Steve Jobs’ 1973 Job Application Goes on Auction as Physical and NFT Version
A job application form from 1973 from apple co-founder Steve Jobs is on the auction block with physical and digital versions up for sale.
Steve Jobs’ handwritten application for an unknown job back in 1973 is up for sale again. It is unknown what the job Jobs were applying for, where the job was, or if he got it or not. What is known, however, is that this piece of paper has been sold many times in recent years for a significant amount of money. In March 2017, it sold for $18,750, in 2018 for $174,757, and again in March 2021 for $222,400.
The page-long application was written by the late Jobs three years before he, and Steve Wozniak, founded Apple. The application states that Jobs is skilled in both computers and calculators but not so much with typing machines.
Pitting physical and digital collectibles head to head
What sets this auction apart from previous sales of the application is the addition of an accompanying non-fungible token (NFT). According to the listing, both the original physical copy and a digital version in the form of an NFT will be sold side by side. The goal, according to auction organizer, Olly Joshi, is to see which version holds more value in the current market. “The Steve Jobs hand-written 1973 job application auction aims to highlight the modern shift in perceived value — the physical or the digital,” Joshi said in a statement.
The auctions will be run on different platforms with the digital version being sold on Rarible and the physical version via Joshi’s own website.

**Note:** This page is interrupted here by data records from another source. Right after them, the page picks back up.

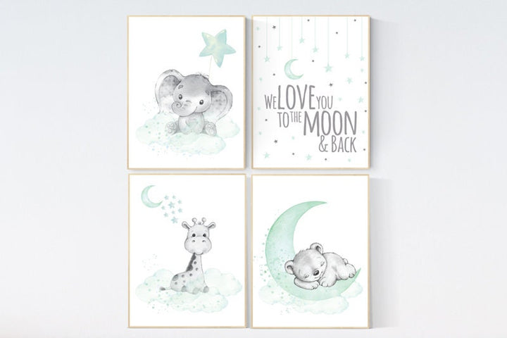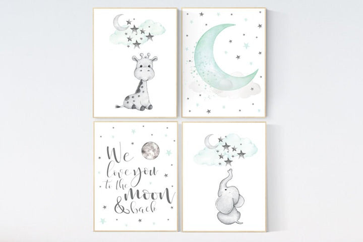 Nursery decor elephant, Giraffe nursery decor, Nursery decor girl giraffe, Mint nursery, gender neutral, we love you to the moon and back
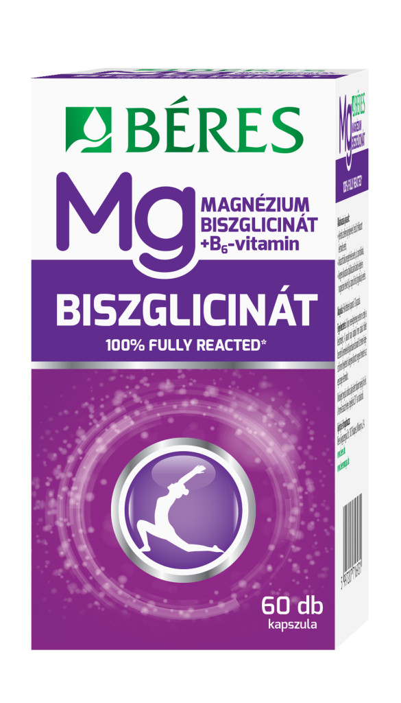 Béres Magnézium-biszglicinát + B6 kapszula étrend-kiegészítő készítmény szerves magnéziumsóval, magnézium-biszglicinát-dihidrát formájában és B6-vitaminnal.
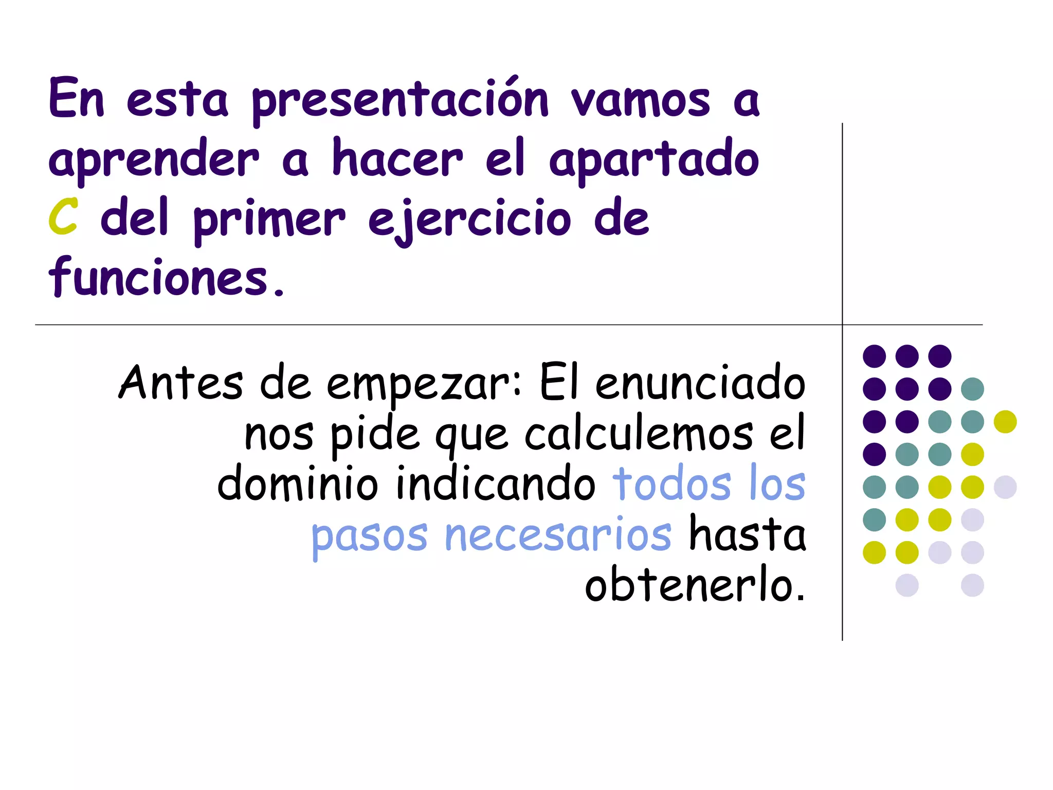 El documento resume los pasos para calcular el dominio de una función racional. Explica que el dominio incluye todos los números reales excepto aquellos que hacen que el denominador sea cero. Para la función f(x)=3x-5/x-2, se determina que el denominador es cero cuando x=2, por lo que el dominio es R-{2}.
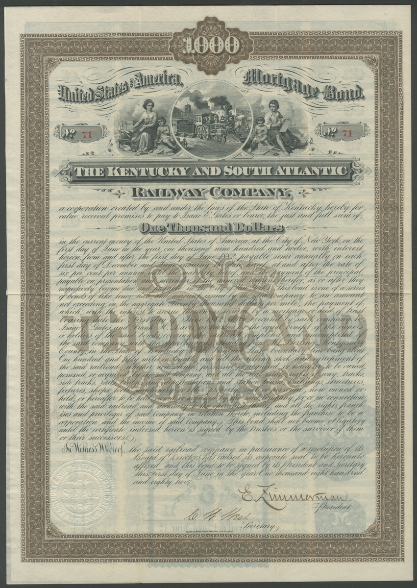Kentucky and South Atlantic Railway Co., Mortgage bond, $1000, 1882, #71, steam train top centre, brown, with all coupons. GVF.
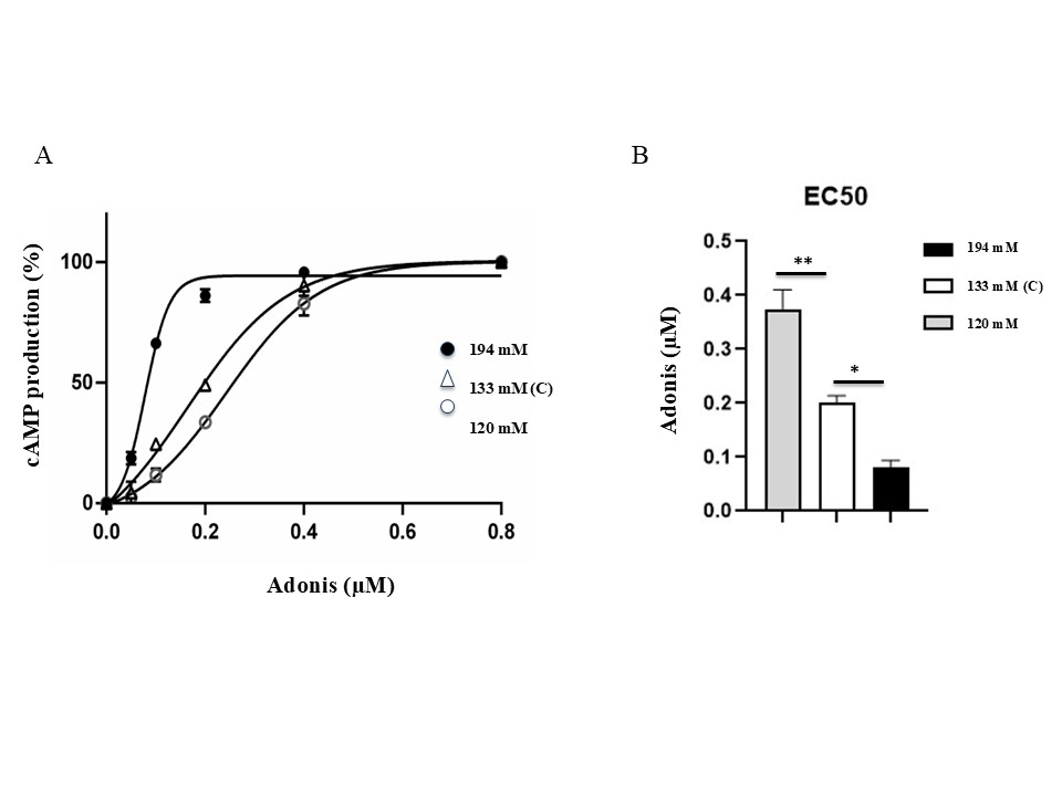 Figure 4. Effects of salt concentration on Adonis cAMP production and EC50. PBMCs were exposed to three concentrations (120 mM, 133 mM and 194 mM) for 24h and then incubated with Adonis. cAMP production was measured and quantified as described in Material and methods. (A) Data are presented as mean of duplicated experiments and expressed as a percentage of the total cAMP production (see also Table 1). (B) EC50 values are presented as mean ± SD. One-way ANOVA analysis with Tukey's post-hoc test. A p value <0.05*, <0.001** or <0.0001*** was considered as statistically significant.
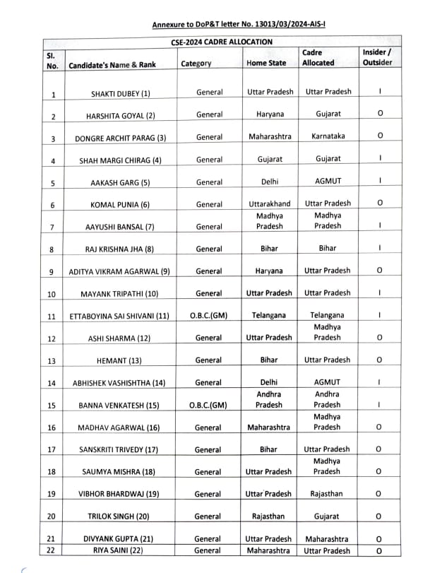 2014 की IAS टॉपर शक्ति दुबे को मनमर्जी का होम कैडर यूपी आवंटित किया गया है. कोमल पुनिया उत्तराखंड, मयंक त्रिपाठी को यूपी कैडर मिला है. इसके अलावा ऊपरी रैंकिंग में हरियाणा के आदित्य विक्रम अग्रवाल, बिहार के हेमंत, संस्कृति त्रिवेदी, महाराष्ट्र की रिया सैनी, शिवांश सुभाष जागड़े को यूपी कैडर में शामिल किया गया है.
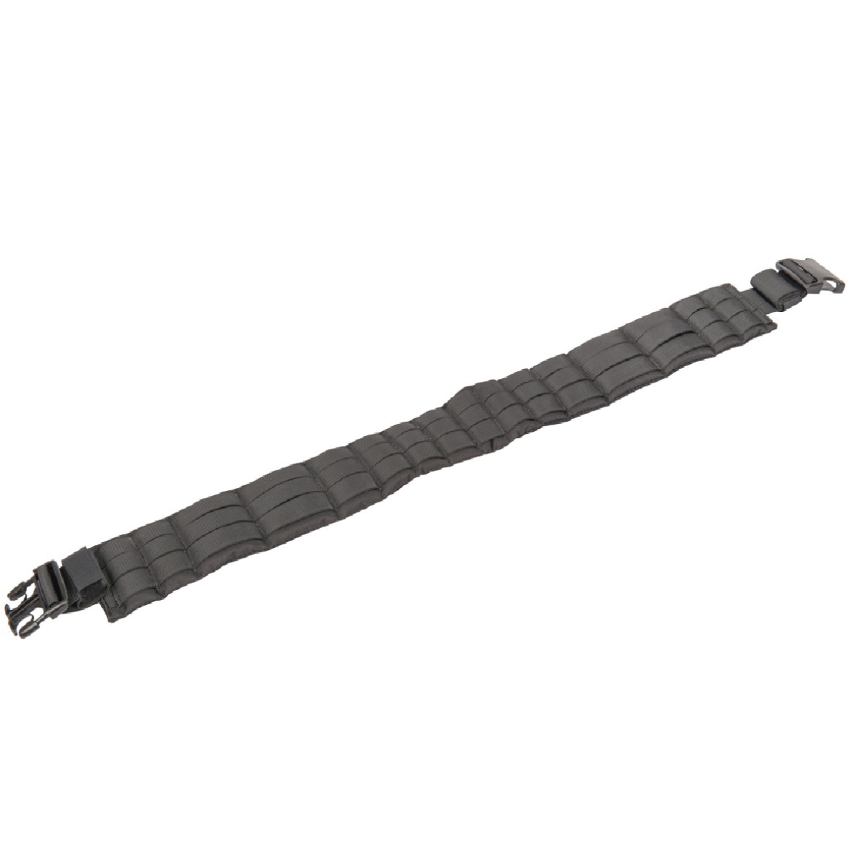 • MOLLE pouches outline the belt for ammo and other needs on the field.
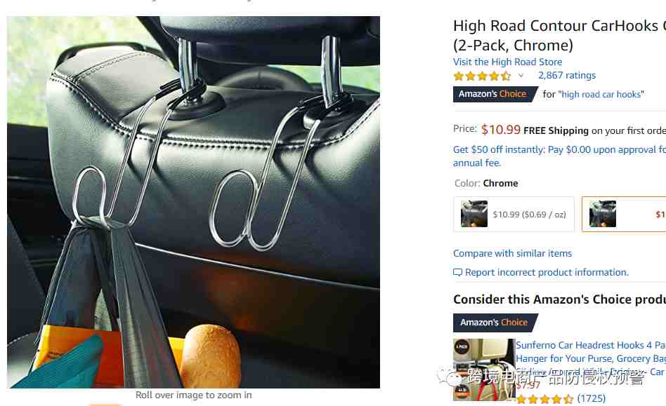 下面这款汽车座椅挂钩,目前它是亚马逊美国站的Amazon's Choice,留评2867,售价10.99美元:
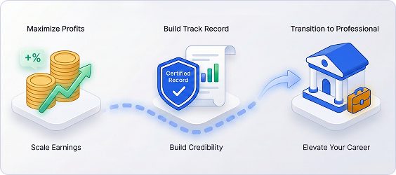 Maximize profits, establish a certified track record, and potentially transition into professional fund management.
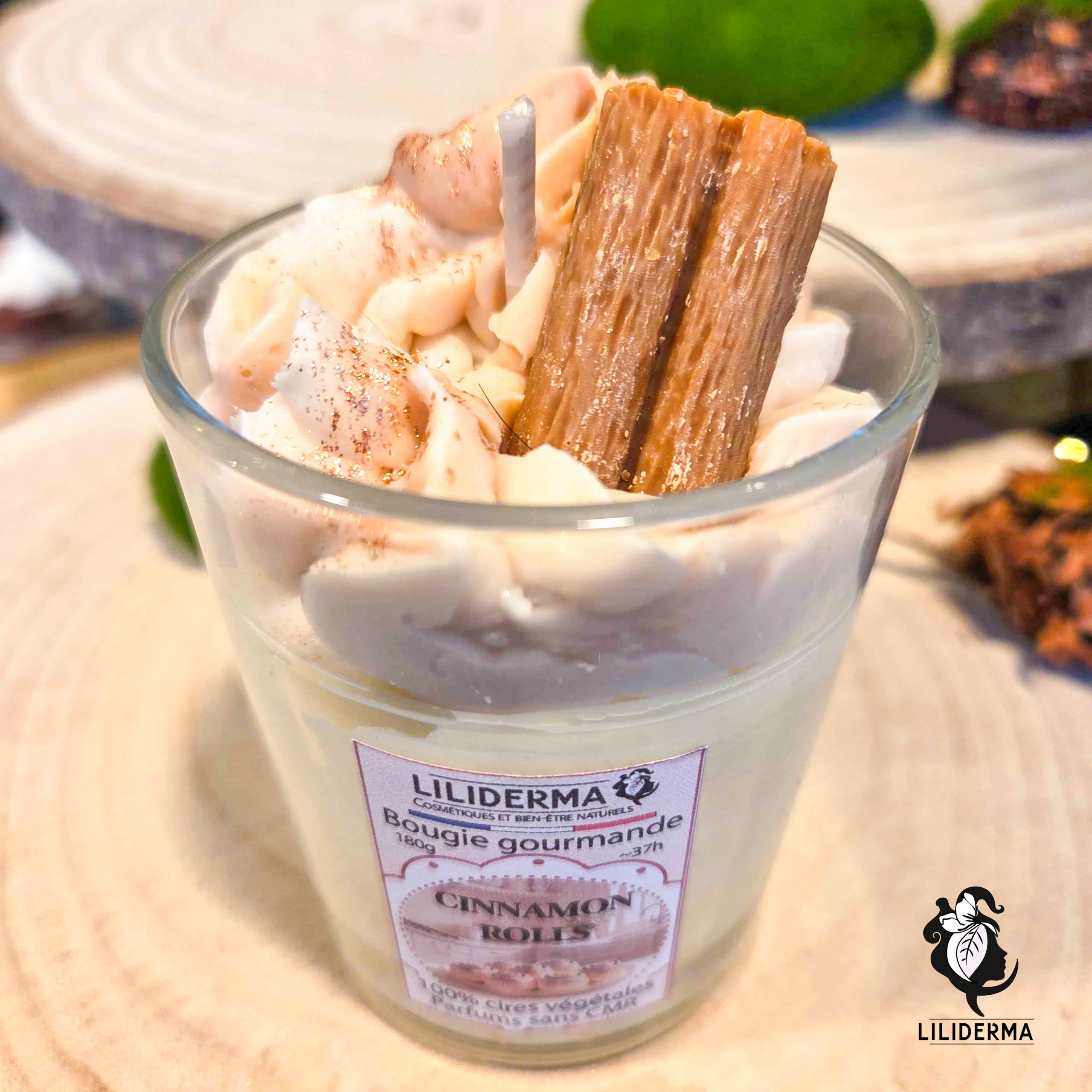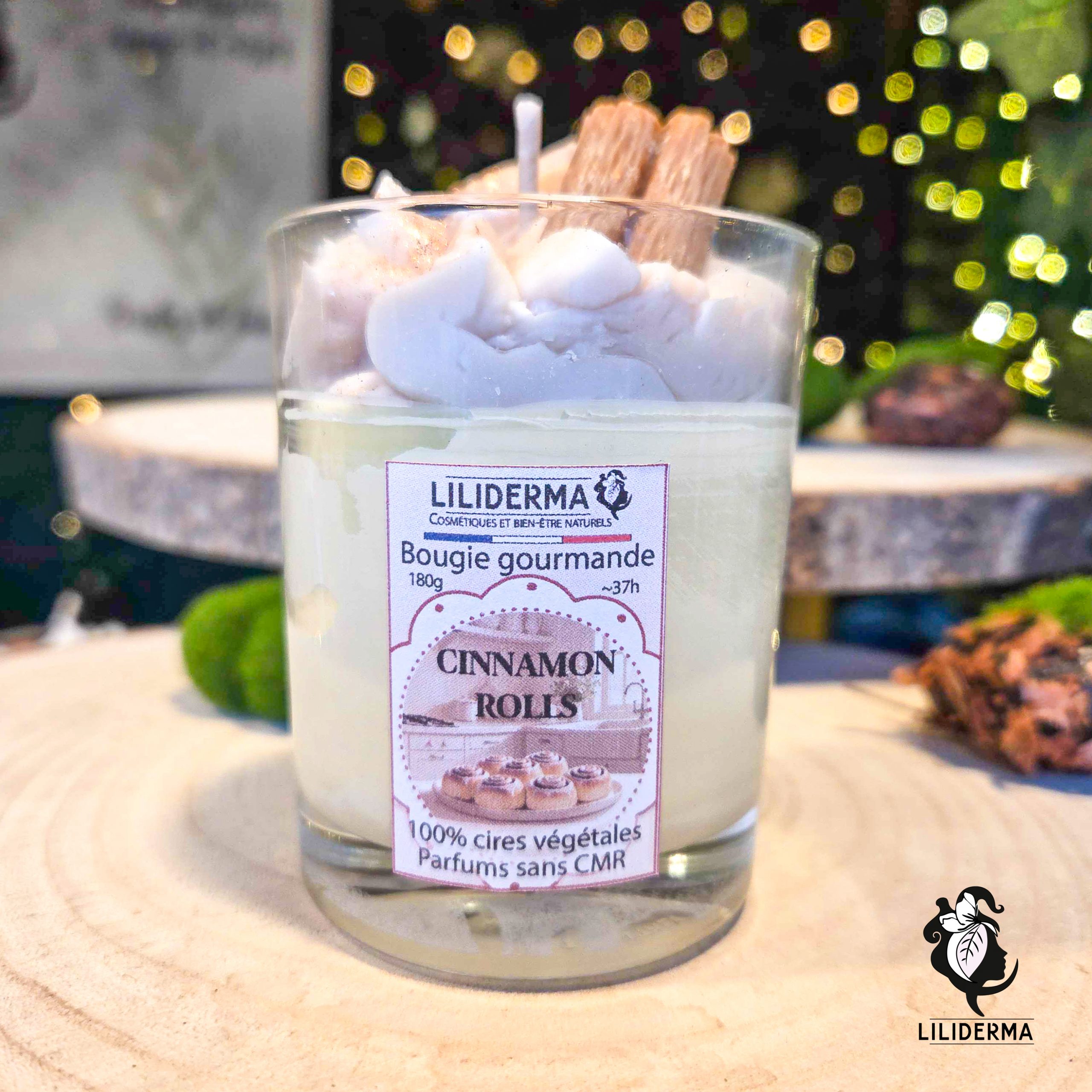Et en plus, notre bougie gourmande parfumée Cinnamon rolls est fabriquée en France par nos soins. Nous avons donc sélectionné des cires 100% végétales pour concevoir un mélange de cires qui permette une bonne diffusion de l’odeur à froid comme à chaud. De plus, nous utilisons des cires de tournesol garanties sans OGM ni pesticides et origine Europe.

The auctions will run for seven days and went live at 9:41 a.m. PT on July 22. That specific time was chosen because it was the time that Jobs picked to reveal new Apple products at official events and is also the time featured on the clocks of Apple products.
At the time of writing, the physical copy of the application has a current bid of $14,000 while the digital version’s highest bid is sitting at $635. A portion of the final sale will be donated to the Cancer Research Institute and One Laptop Per Child charities.